* [Task statement]: Return an exact copy of the lines from the one holding "elliotttf commentedFatal error: require_once()" to the end of the data, including both the starting and final lines. Leave the pictures out.

═══ Material provided ═══

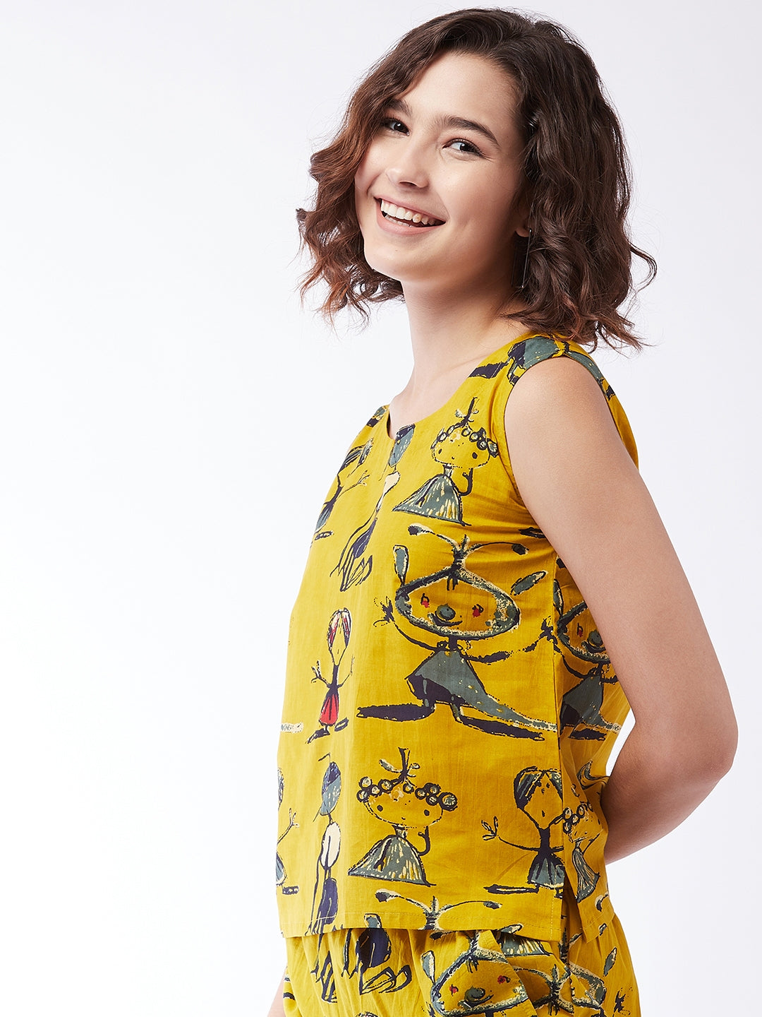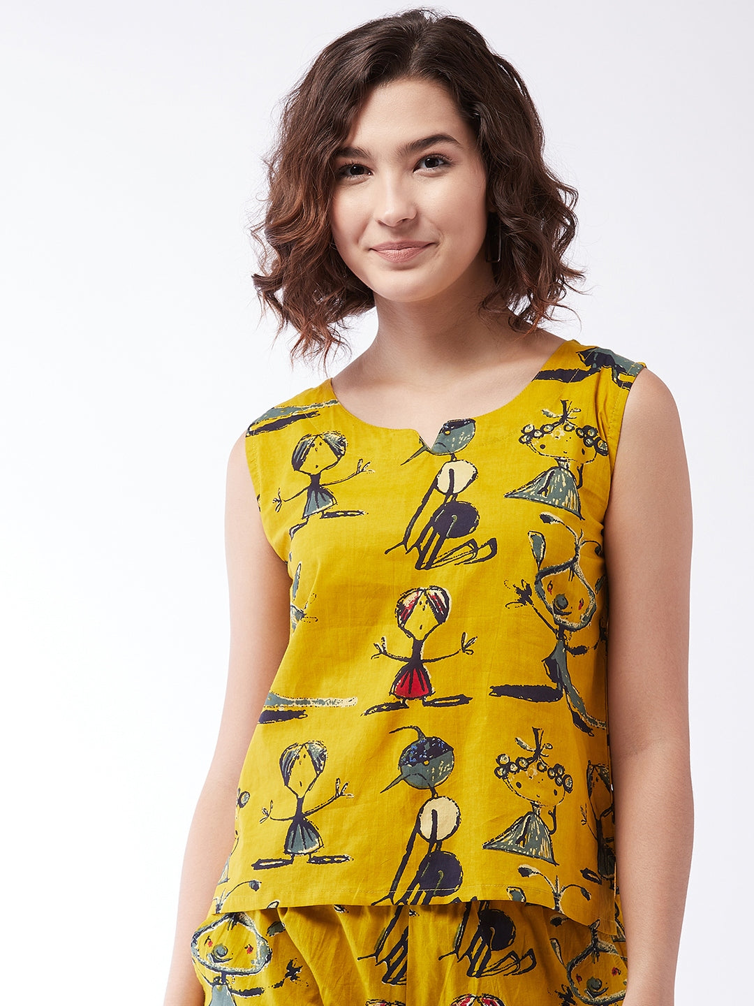 Time to revive the innocent beauty of your girl with this pretty mustard-coloured quirky printed top. This comfortable cotton top features a stylish V-neck and sleeveless adhere.
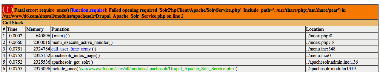 elliotttf commentedFatal error: require_once() [function.require]: Failed opening required 'SolrPhpClient/Apache/Solr/Service.php' (include_path='.:/usr/share/php:/usr/share/pear') in /var/www/d6.com/sites/all/modules/apachesolr/Drupal_Apache_Solr_Service.php on line 2
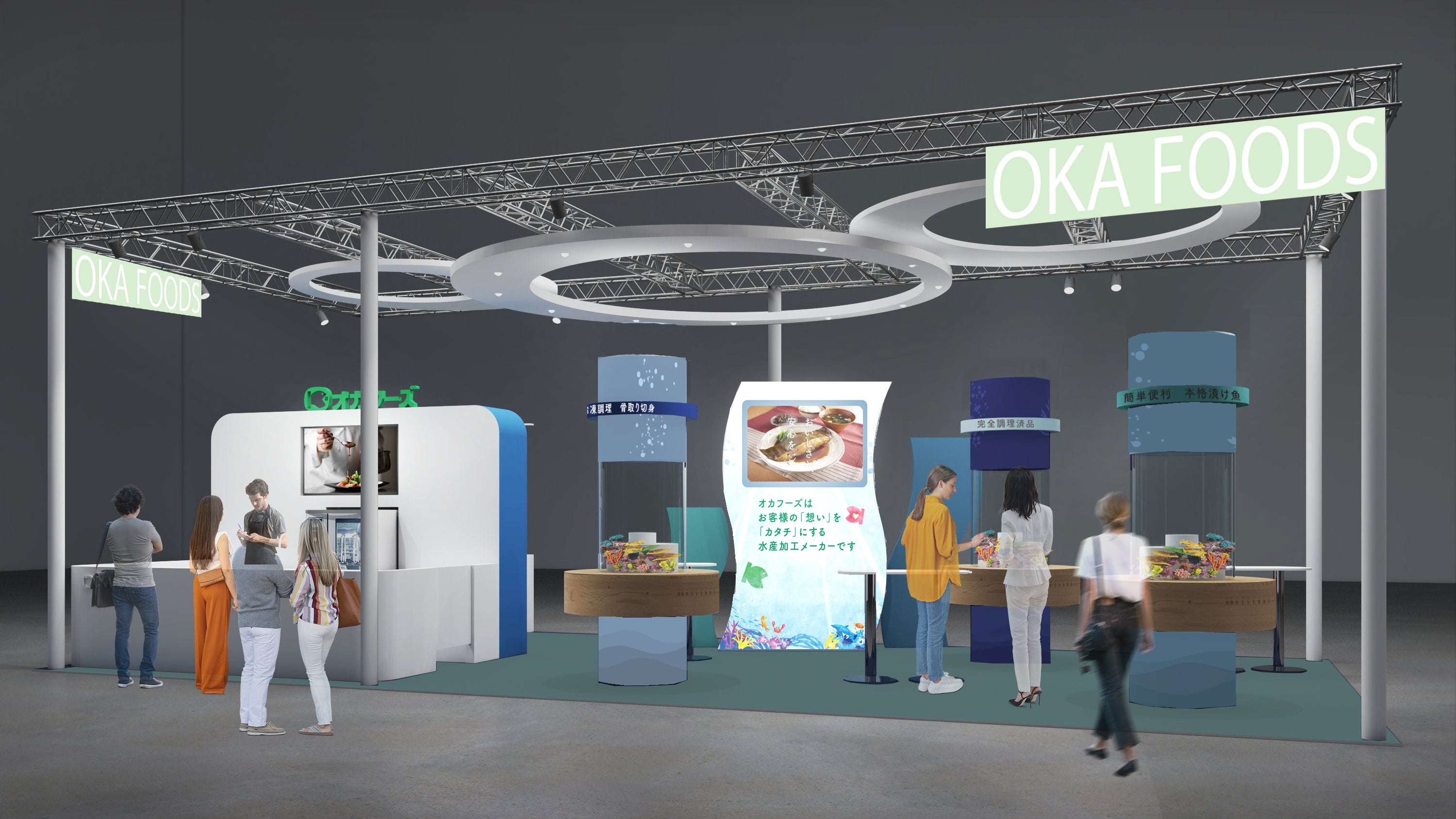 東ホールの東4番口から入ってすぐ右手にオカフーズのブースを出展し皆様をお待ちしております。今回のブースは海の中をイメージしており、中央部の展示スペースには水槽型の什器で製品の紹介をしております。また、1日数回ライブキッチンでの調理実演に加え、カウンターで常時ご試食いただけるよう準備を進めております。

═══

* [Reply to the exercise]:
 elliotttf commentedFatal error: require_once() [function.require]: Failed opening required 'SolrPhpClient/Apache/Solr/Service.php' (include_path='.:/usr/share/php:/usr/share/pear') in /var/www/d6.com/sites/all/modules/apachesolr/Drupal_Apache_Solr_Service.php on line 2
 東ホールの東4番口から入ってすぐ右手にオカフーズのブースを出展し皆様をお待ちしております。今回のブースは海の中をイメージしており、中央部の展示スペースには水槽型の什器で製品の紹介をしております。また、1日数回ライブキッチンでの調理実演に加え、カウンターで常時ご試食いただけるよう準備を進めております。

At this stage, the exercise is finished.